Routt County treasurer, Peabody reach agreement
STEAMBOAT SPRINGS — Routt County and entities including the South Routt School District and South Routt Medical Center will soon have overdue tax payments from Peabody Energy Holdings, the company announced Monday.
Peabody, along with a public relations firm working on behalf of Routt County Treasurer Brita Horn, said in a news release that an agreement will allow for the payment of “nearly $1.8 million in 2015 property taxes for Routt County.”
Peabody, which filed bankruptcy in April, was cleared to pay the overdue taxes in July, but Horn had refused to accept the payment unless it included interest and fees on top of the $1.77 million in taxes, citing a legal obligation to accept the interest and fees at the same time as the tax payment.
The news release was worded in a vague manner that doesn’t reveal whether the payment includes interest or additional legal fees sought by Horn.
The news release was sent to the Steamboat Today just before 4 p.m. Monday, but Horn and a media contact listed on the release were unable to provide further details about the agreement as of early Monday evening.
County manager Tom Sullivan and attorney Erik Knaus said Monday afternoon they also learned the news of the agreement via the same news release and were also unaware of whether the payment would include the interest and fees sought by Horn.
Horn thanked Peabody in the news release for their work in reaching the agreement.
“I thank Peabody for its proactive and positive approach in resolving this complex matter,” Horn wrote.
According to the news release, the money had already been wired to Horn for payment to county taxing authorities.
News of the agreement was “thrilling” for South Routt School District Superintendent Darci Mohr, who was in the process of finishing letters to Horn and Peabody urging a speedy resolution of the tax payment issue.
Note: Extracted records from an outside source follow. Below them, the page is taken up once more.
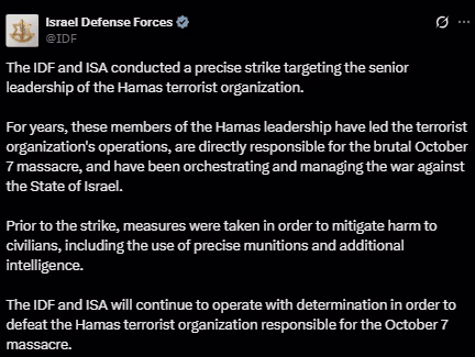 However, Israeli Prime Minister Netanyahu declared the operation as an autonomous mission. He wrote on social media platform X, "Today's mission against the top terrorist commanders of Hamas was a fully independent Israeli operation. Israel initiated it, drove it, and stands by it entirely."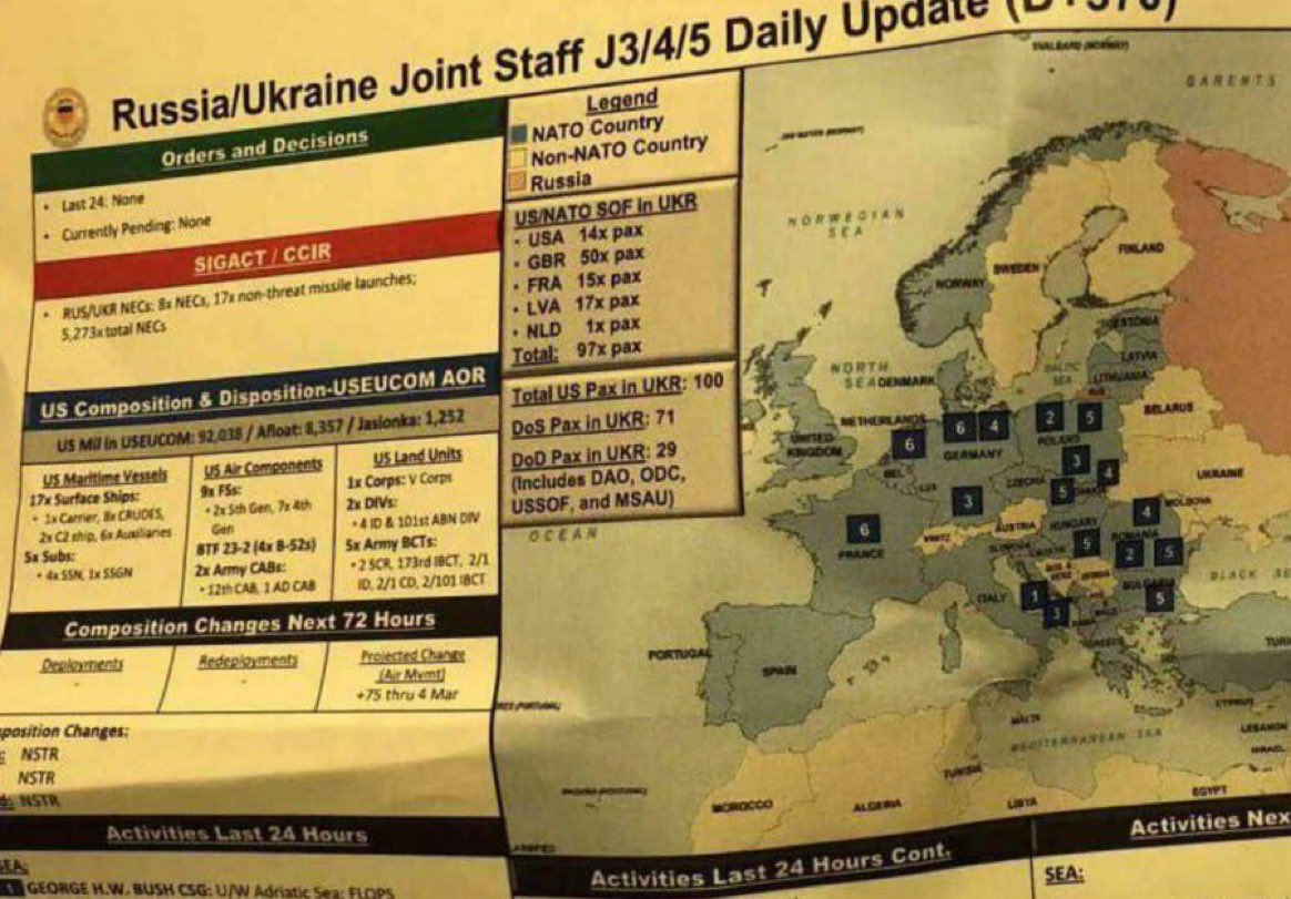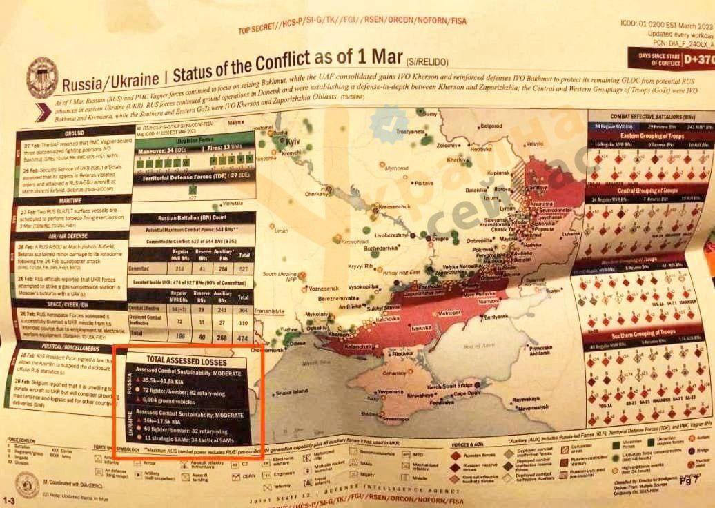 - وثيقة اخرى تكشف تجسس وكالة الاستخبارات المركزية على الحلقة القريبة من الرئيس الاوكراني زيلينسكي.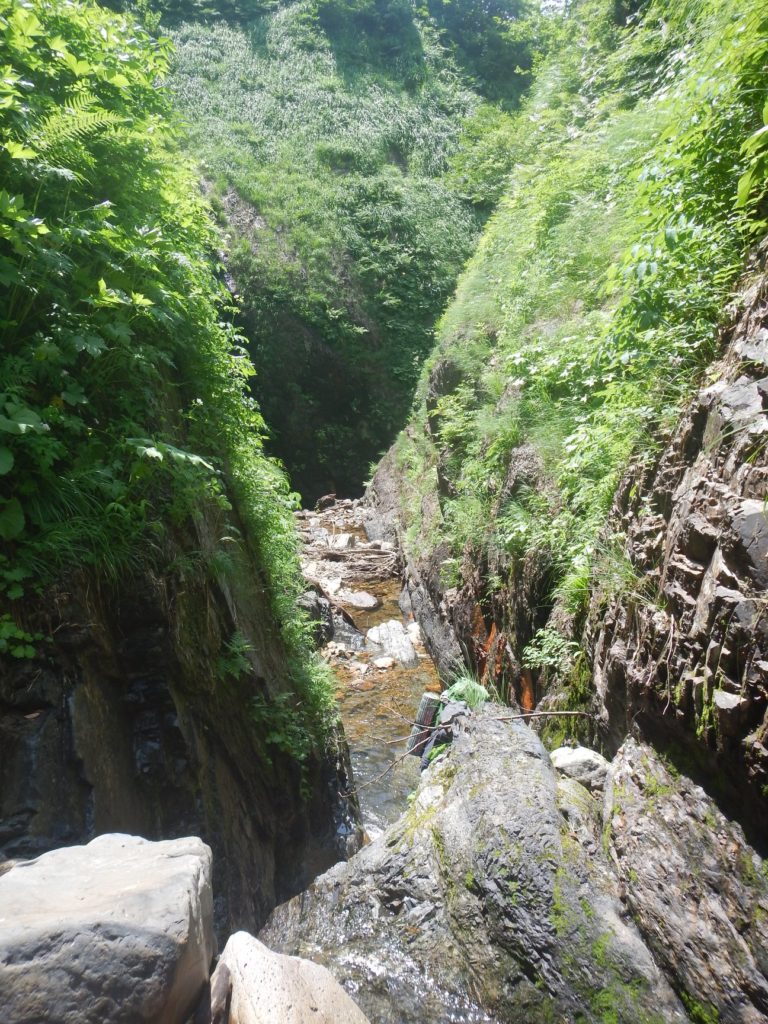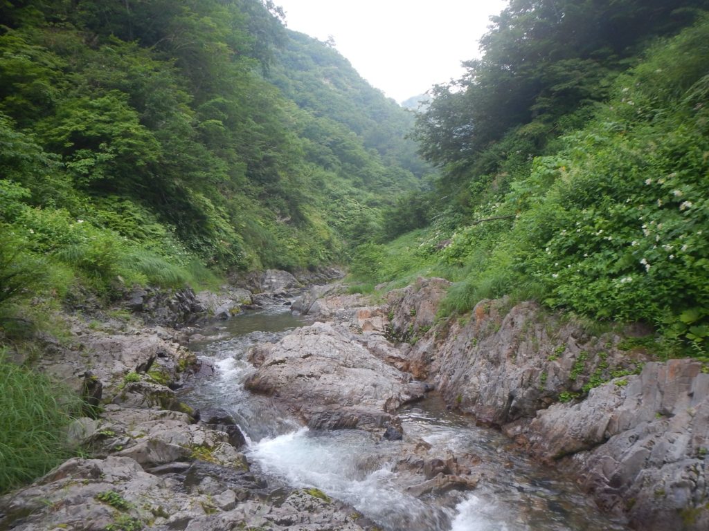 朝いちでサルガ滝を巻き、滝の上に降り立つと沢は源流の雰囲気になってきた。
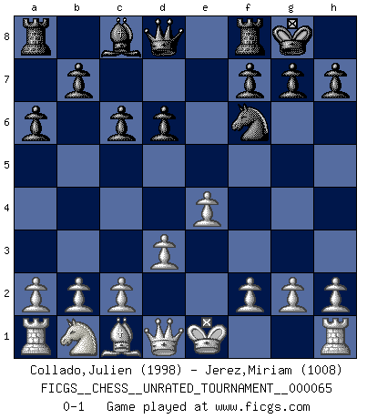 Last move : 0-1 2023 April 17 2:23:30 [Event "FICGS__CHESS__UNRATED_TOURNAMENT__000065"] [Site "FICGS"] [Date "2023.02.26"] [Round "1"] [White "Collado,Julien"] [Black "Jerez,Miriam"] [Result "0-1"] [WhiteElo "1998"] [BlackElo "1008"] 1.e4 e5 2.Nf3 Nc6 3.Bb5 Nf6 4.d3 a6 5.Bxc6 dxc6 6.Nxe5 Bd6 7.Nc4 O-O 8.Nxd6 cxd6 0-1 This chess game has been lost on time (started : 2023.02.26 19:9:21) Follow this game move after move (download)Avoid the crowd. Do your own thinking independently. Be the Chess player, not the Chess piece. (Ralph Charell) Die meiste Zeit treffe ich auf Gegner, die meine Enkel sein könnten. Ich bin da, um ihnen zu zeigen, dass sie von mir noch einiges lernen können. (Viktor Kortschnoi) Un mal plan es mejor que no tener ningún plan. (Frank Marshall) Les échecs c'est le défi de l'alpiniste, toujours plus haut, prêt à tout pour monter à l'assaut du Roi ennemi. Les échecs, c'est de la musique en mouvement, un ballet majestueux pour les yeux. C'est de la poésie composée par les fantômes du passé qui au même titre que Rimbaud ou Verlaine méritent notre admiration. Les échecs, c'est de la peinture ou le moindre mouvement modifie le tableau pour en faire un Picasso ou un Van Gogh. Les échecs, c'est tout et rien, c'est la vie et la mort. Jjulie33 sur le forum de France-Echecs. To err is human, to shift the blame on someone else is tactical. (Mladen Jankovic)

Mohr said as soon as the district receives its share of the taxes, it will move forward with repaying $565,000 of a $1 million loan the district received from the State Board of Education’s contingency fund in July.
The district will hold on to the remaining $435,000 of the loan for now, as the money was an advance for 2017 payments expected from Peabody.
“It’s a big sigh of relief that we can move forward and maybe put the contingency plan discussion on a back burner, hopefully for good,” Mohr said.
The South Routt Board of Education met in a special session Thursday to discuss contingency plans for acquiring money to repay the state if the treasurer and Peabody were unable to resolve the situation.